→ Task brief
For the listing that follows, give again exactly the lines from the one with "積み木をイメージしてみてくだ" to the one with "Egalement la comparaison", including both.

---------- Data section ----------

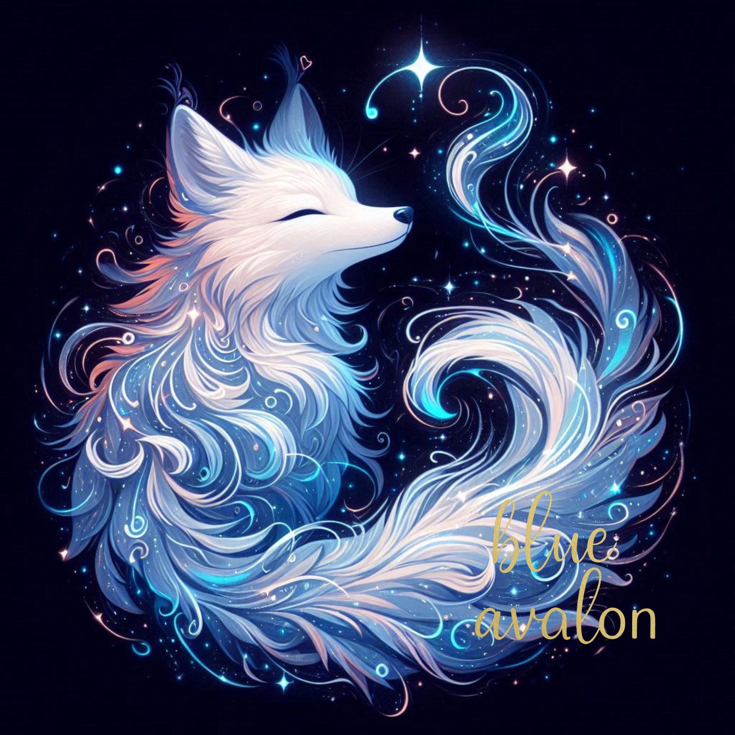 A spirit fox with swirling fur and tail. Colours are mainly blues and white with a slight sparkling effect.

----------
---------- Data section ----------

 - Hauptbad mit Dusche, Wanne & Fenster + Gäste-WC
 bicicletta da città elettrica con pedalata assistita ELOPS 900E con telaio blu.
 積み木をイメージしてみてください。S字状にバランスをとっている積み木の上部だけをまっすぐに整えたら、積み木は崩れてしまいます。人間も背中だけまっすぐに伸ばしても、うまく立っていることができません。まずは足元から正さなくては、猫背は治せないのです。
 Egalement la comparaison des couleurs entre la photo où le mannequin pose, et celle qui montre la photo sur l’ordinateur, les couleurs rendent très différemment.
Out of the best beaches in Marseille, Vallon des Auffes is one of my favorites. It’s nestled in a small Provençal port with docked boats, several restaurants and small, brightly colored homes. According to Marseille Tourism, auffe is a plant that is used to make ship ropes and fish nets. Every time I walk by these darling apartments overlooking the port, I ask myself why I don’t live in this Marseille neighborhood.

----------
---------- Data section ----------

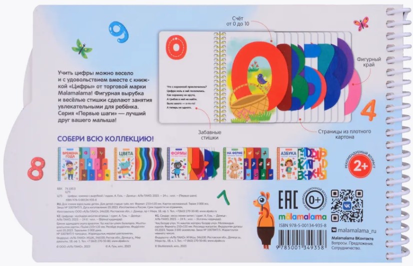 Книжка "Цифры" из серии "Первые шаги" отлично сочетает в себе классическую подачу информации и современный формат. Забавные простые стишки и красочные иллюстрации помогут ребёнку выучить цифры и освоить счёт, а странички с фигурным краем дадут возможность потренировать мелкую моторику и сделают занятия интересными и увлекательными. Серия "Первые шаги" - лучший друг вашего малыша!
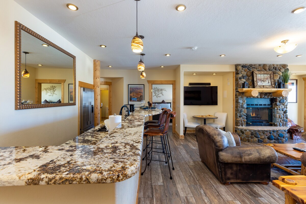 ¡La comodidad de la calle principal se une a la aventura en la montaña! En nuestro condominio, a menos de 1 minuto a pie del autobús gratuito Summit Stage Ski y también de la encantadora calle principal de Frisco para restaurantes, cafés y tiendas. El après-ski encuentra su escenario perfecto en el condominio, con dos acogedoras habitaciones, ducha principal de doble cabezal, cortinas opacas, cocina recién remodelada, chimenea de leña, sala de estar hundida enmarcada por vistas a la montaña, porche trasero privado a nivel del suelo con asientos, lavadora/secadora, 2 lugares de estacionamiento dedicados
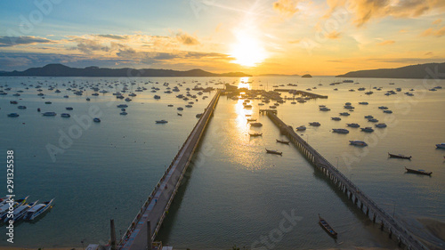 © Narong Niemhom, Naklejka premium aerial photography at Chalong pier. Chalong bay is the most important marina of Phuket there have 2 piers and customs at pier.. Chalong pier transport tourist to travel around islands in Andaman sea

----------

→ Result for this task
 積み木をイメージしてみてください。S字状にバランスをとっている積み木の上部だけをまっすぐに整えたら、積み木は崩れてしまいます。人間も背中だけまっすぐに伸ばしても、うまく立っていることができません。まずは足元から正さなくては、猫背は治せないのです。
 Egalement la comparaison des couleurs entre la photo où le mannequin pose, et celle qui montre la photo sur l’ordinateur, les couleurs rendent très différemment.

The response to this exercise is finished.